A new set of companies have introduced services that combine the governance and field management features of an identity server with extensive field masking. However, since these systems do not offer the authentication and authorization features of a CIAM, it’s important to balance the additional features since they introduce an additional threat surface with PII storage and permissions.
Centralizing PII in an identity system without cross-border data flows
It is increasingly cumbersome to transfer customer PII across borders due to regulatory restrictions and the compliance burden. One cumbersome option is to operate a separate identity system in each required country or region and federate the systems together.
InCountry’s solution adds Profile Data Residency in countries around the world with secure and compliant infrastructure. The solution offers full data sovereignty and isolation by proxying login and registration dialogs, SCIM 2.0 and custom API calls, and email and SMS MFA support.

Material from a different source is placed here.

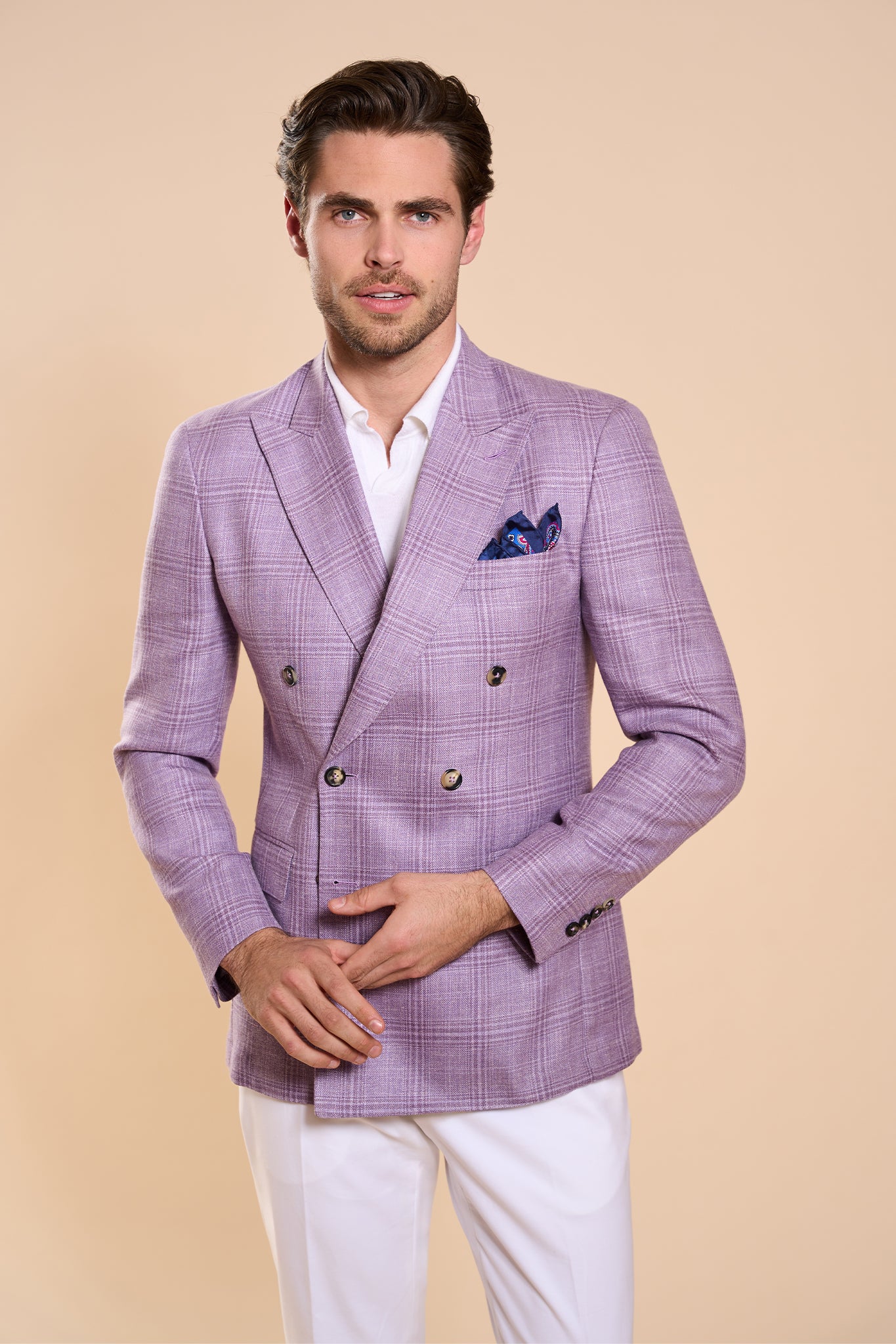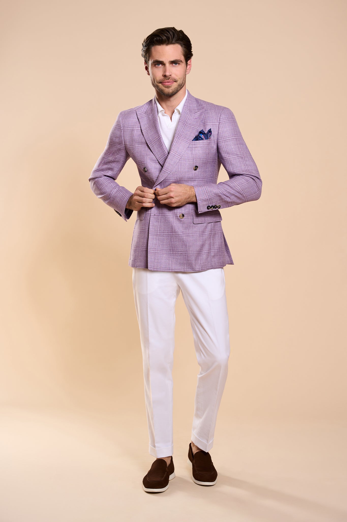 Sacoul Byblus impresionează prin nuanța sa lila sofisticată, completată de un model de carouri subtil.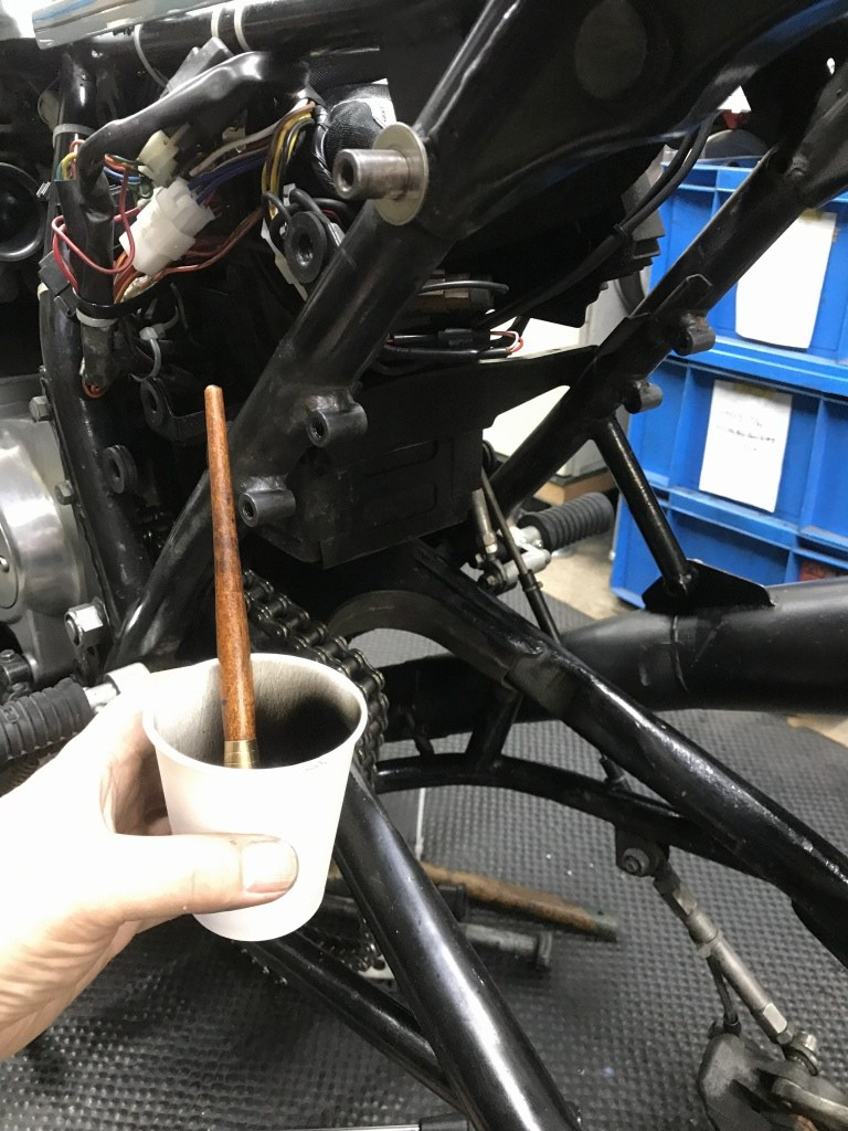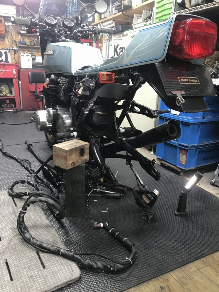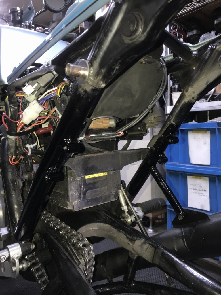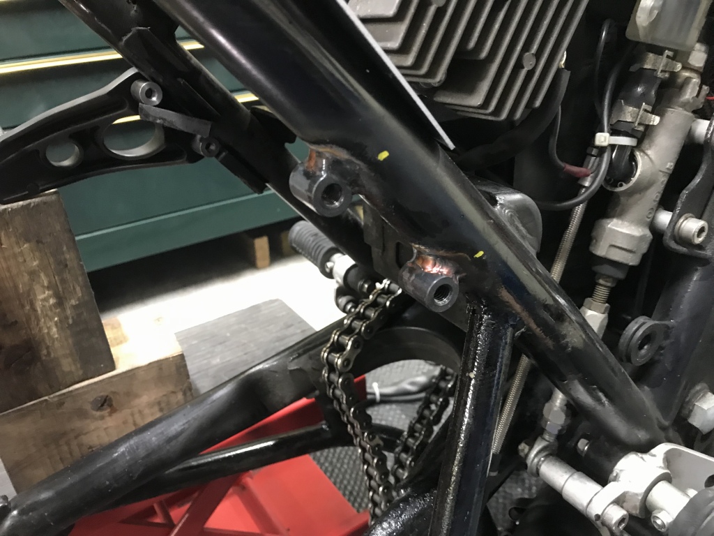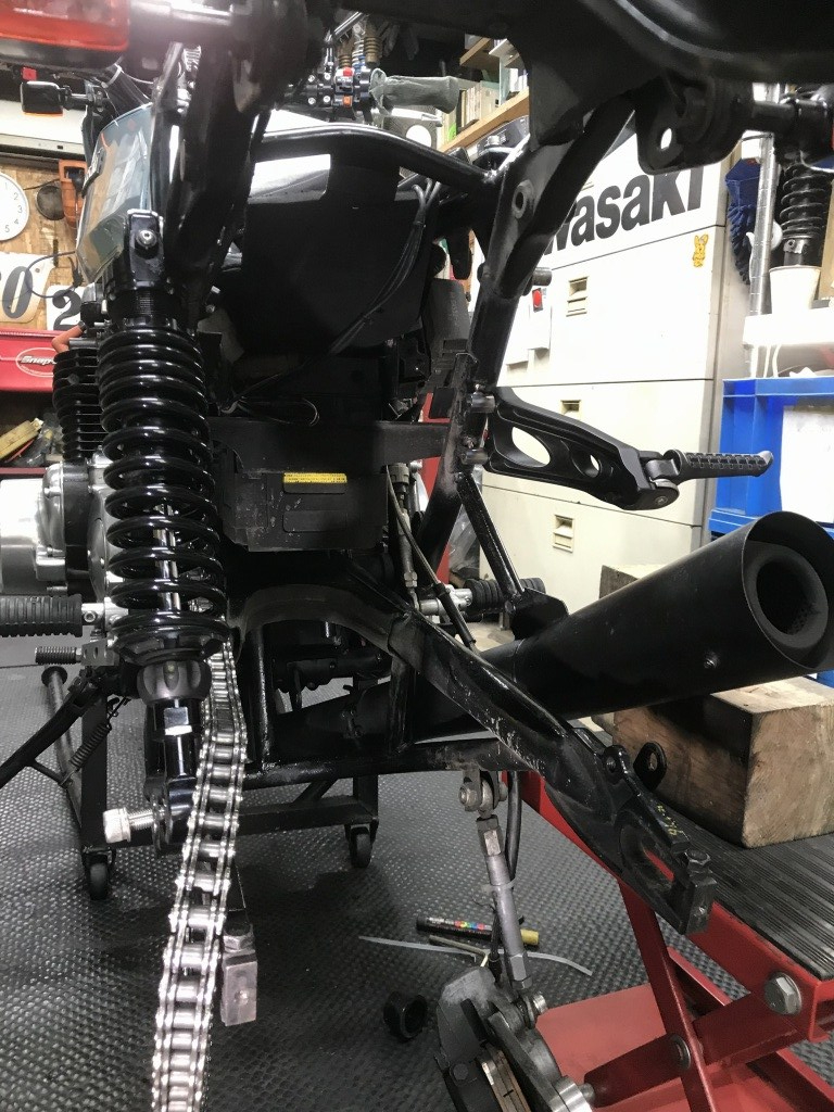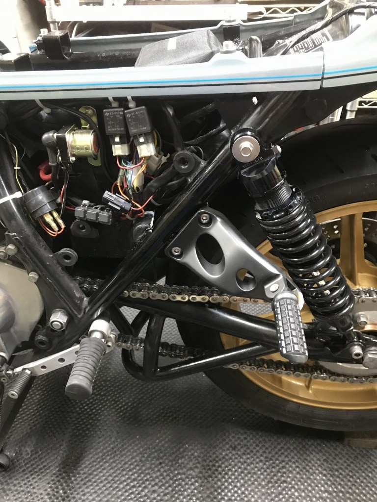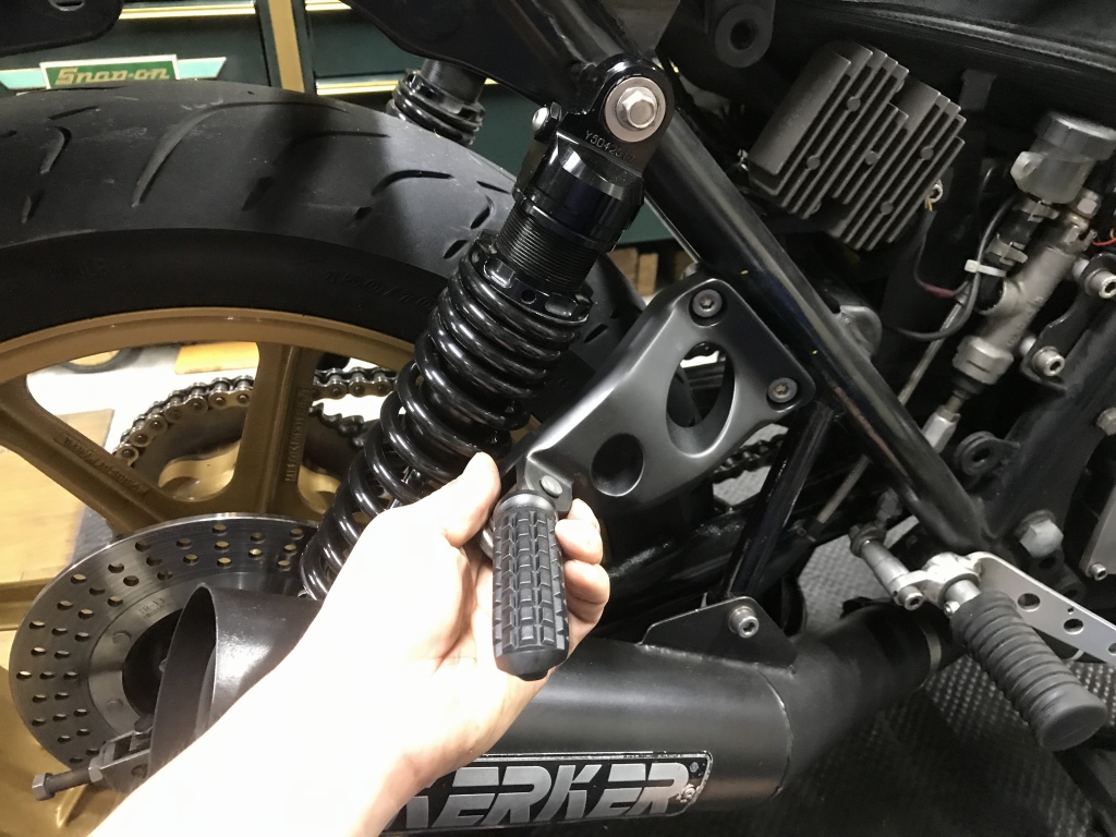 タンデムステップは削除してありましたが、再び装備するとのことで、加工して取り付けます。

Emerging AI systems increase the criticality of centralizing PII in an identity system and governing PII data distribution to other systems. Data should be automatically anonymized before training AI models, lifecycle management should automatically remove users from AI systems, and PII needs to be tightly filtered from LLM interactions.
In conclusion, PII sprawl is an increasing liability for companies. The most secure, compliant, and flexible central data store to manage PII is the existing CIAM and API Gateway infrastructure that enterprises have already deployed and can now leverage to control all PII.